La voiture que nous avons maintenant regardée était un Toyota Voxy gris avec environ 143 000 km et un intérieur très prometteur. Le couple avait fait venir la voiture au début de leur voyage du Japon et l'avait modifiée pendant un mois, montrant beaucoup d'attention aux détails. À l'arrière de la voiture se trouvait une petite construction en bois avec tous les éléments requis pour une voiture auto-suffisante et au milieu, des matelas fixes. En dessous, il y avait beaucoup d'espace de rangement pour toutes sortes de choses, ainsi qu'un équipement de cuisine semi-complet, y compris un réchaud à deux feux, une table pliante et deux chaises de camping. Le plus important, si vous demandez à Chantall, c'étaient les coussins. Pas un, pas deux, mais carrément 7 (!) coussins avaient été fournis par les précédents propriétaires.... oh, et il y avait aussi une guirlande lumineuse. Voilà pour les éléments qui ont convaincu Chantall. Tobi s'est concentré sur les détails importants : la voiture avait peu de rayures, pas de bosses, était agréable à conduire, avait un moteur bien entretenu, un mode semi-automatique, etc. Seul un gros inconvénient pesait sur ce véhicule de rêve : le prix largement au-dessus de notre objectif initialement fixé. Cependant, nous étions assez rapidement d'accord pour dire que nous nous sentirions bien dans cette voiture pendant les 10 semaines à venir. Que dire de plus : après un peu de négociations, les deux parties étaient à peu près satisfaites et le prix était plus acceptable. Nous avions dépensé un peu plus que prévu et les autres avaient reçu un peu moins que prévu. Mais à la fin, nous étions très contents : nous avions notre voiture ! Vous pouvez voir des photos ci-dessus et probablement quelques autres arriveront au fil du temps, car c'est maintenant notre maison pour les prochaines semaines.

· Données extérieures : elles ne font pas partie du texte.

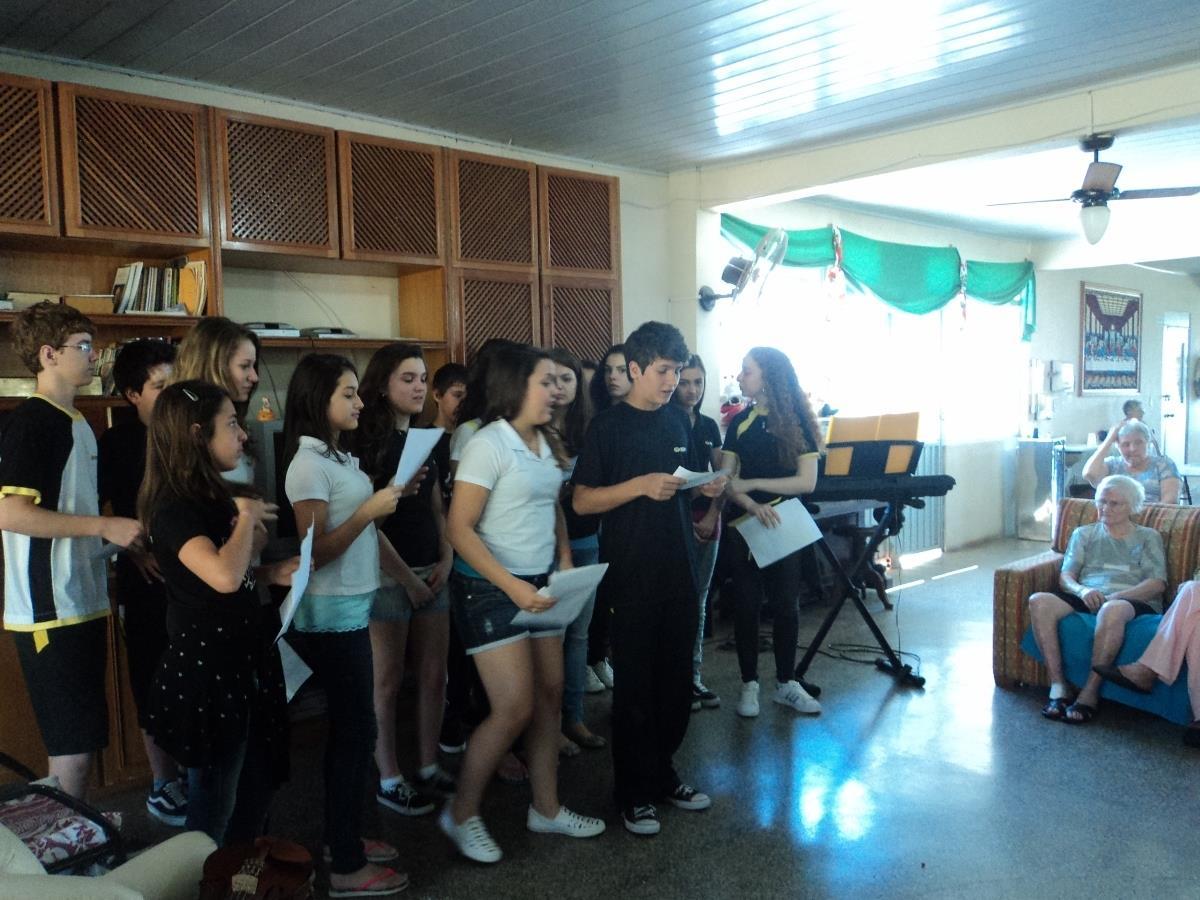 Os estudantes também se envolveram na organização dos momentos, preparando diversas atividades. No Lar São Vicente eles conversaram, cantaram, declamaram poesias e tocaram instrumentos para os idosos.
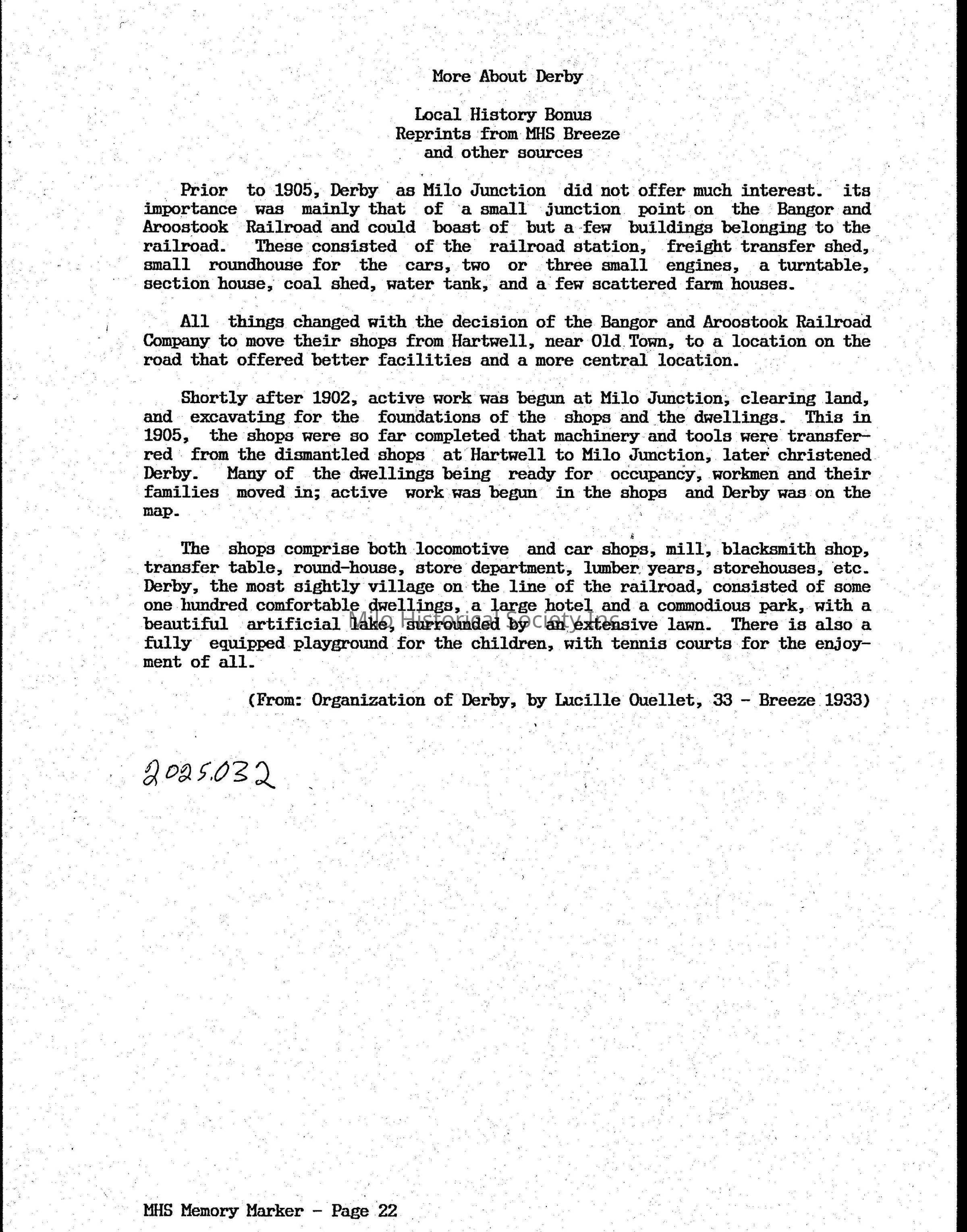 Milo Junction, Derby, Bangor and Aroostook RailroadLocation
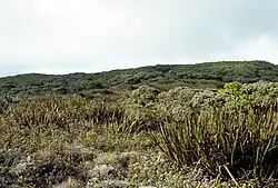 Pēpēʻōpae is located near the summit of Kamakou peak in eastern Molokaʻi at an elevation of about 4,800 feet (1,500 m) at 21°7′8″N 156°53′45″W / 21.11889°N 156.89583°W.[1] Poorly draining acidic soil leached of nutrients, rainfall that exceeds 300 inches (760 cm), cooler temperatures and high winds have resulted in a bog where the canopy has been reduced to plants that are only inches above the ground. Typical forest canopy trees such as ʻōhiʻa lehua (Metrosideros polymorpha) and ʻōlapa (Cheirodendron trigynum) can be found as groundcover, crawling along the surface.
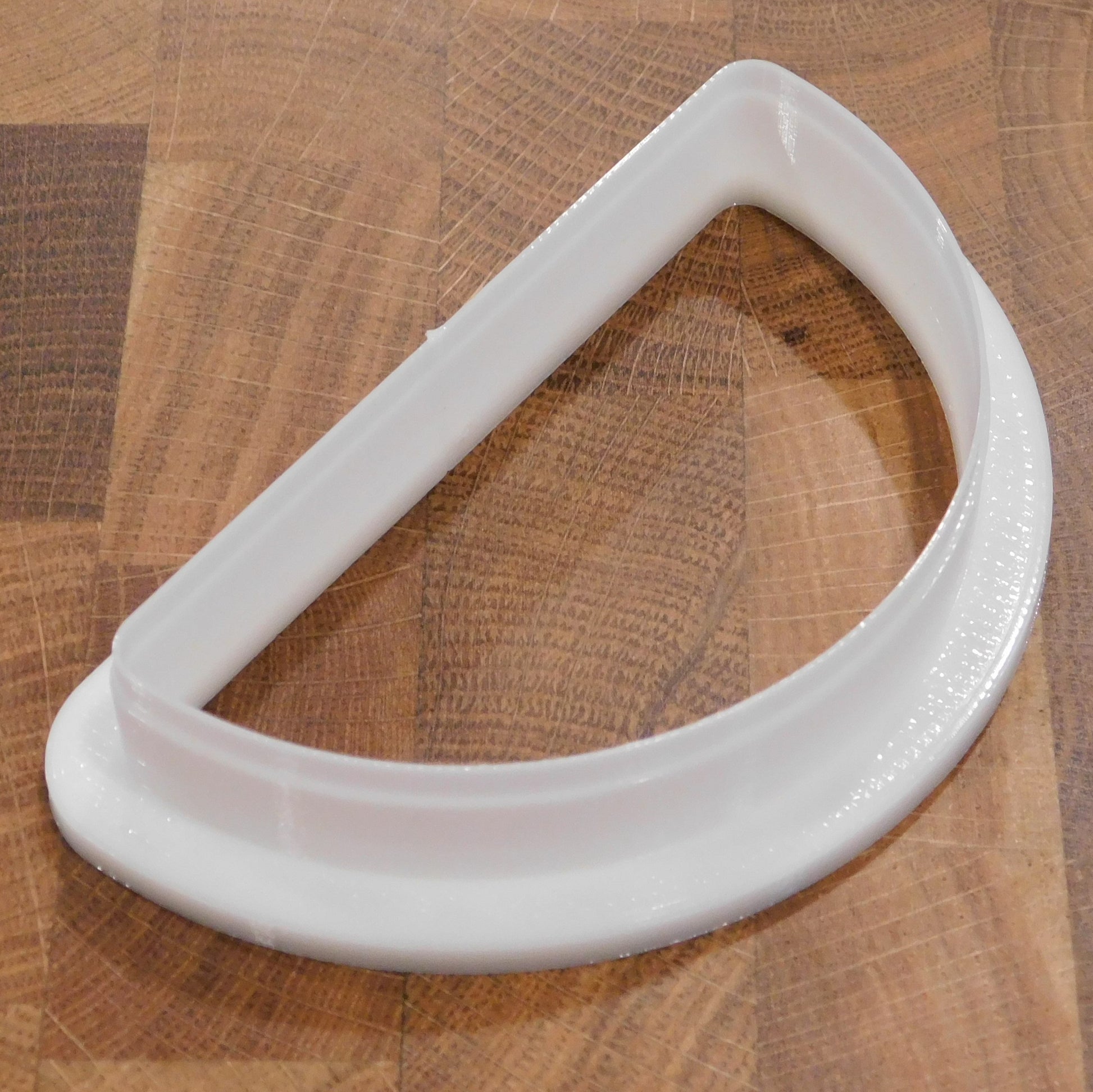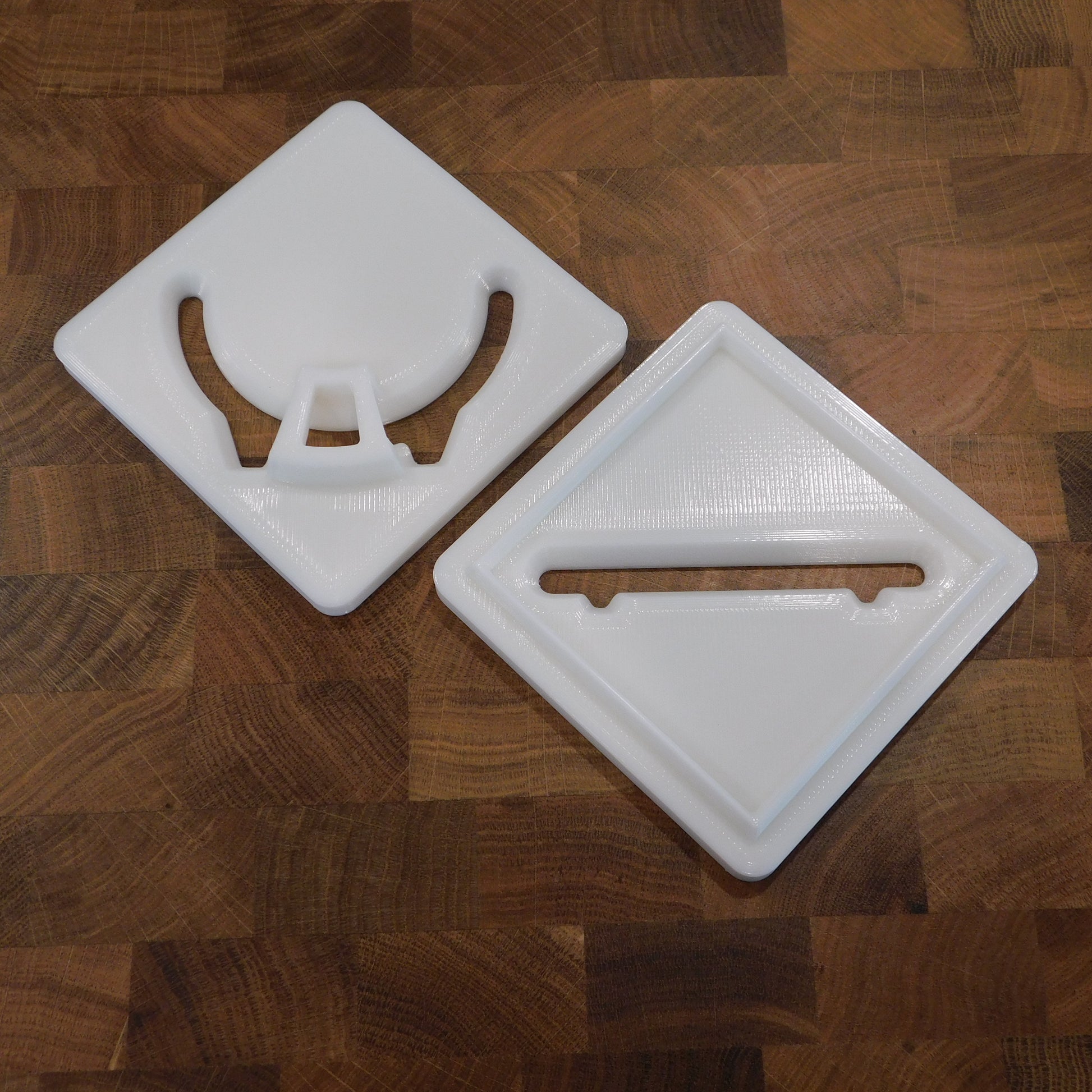The die and cutter are 3D-printed using PLA filament. PLA is a plastic made from starch (not petrochemicals) and is compostable in industrial composters.

Mais une petite aventure nous restait encore : comment immatriculer une voiture ici. Comment cela fonctionne en Nouvelle-Zélande et comment s'assurer ? Pour la première : il suffit de remplir un formulaire à la poste et hop, la voiture change de propriétaire. Cela a semblé un peu trop imprécis pour Tobi et nous avons donc rédigé notre propre petit contrat d'achat, afin d'avoir quelque chose de plus qu'un petit autocollant en main. Et pour la seconde : ici en Nouvelle-Zélande, il n'y a pas d'obligation d'assurance pour les voitures. Si quelqu'un le souhaite et est un peu téméraire, il peut circuler sans assurance. Cela ne nous est pas venu à l'esprit et nous avons donc contacté l'AA néo-zélandaise, l'équivalent du ADAC, et avons souscrit une assurance qui couvre les incendies, le vol, les dommages aux vitres et, ce qui est très important, les dommages aux biens d'autrui. De plus, pour nous sentir encore un peu plus en sécurité, nous avons souscrit un abonnement temporaire auprès de l'AA, qui nous garantissait un service de dépannage en cas de besoin et offrait d'autres petits avantages. Avec ce package complet, nous nous sentions maintenant en sécurité et étions prêts à partir ! Bien que... il reste une tâche : notre nouvel compagnon a encore besoin d'un nom (cela est censé porter chance ici). Nous sommes cependant convaincus qu'un bon nom nous viendra à l'esprit.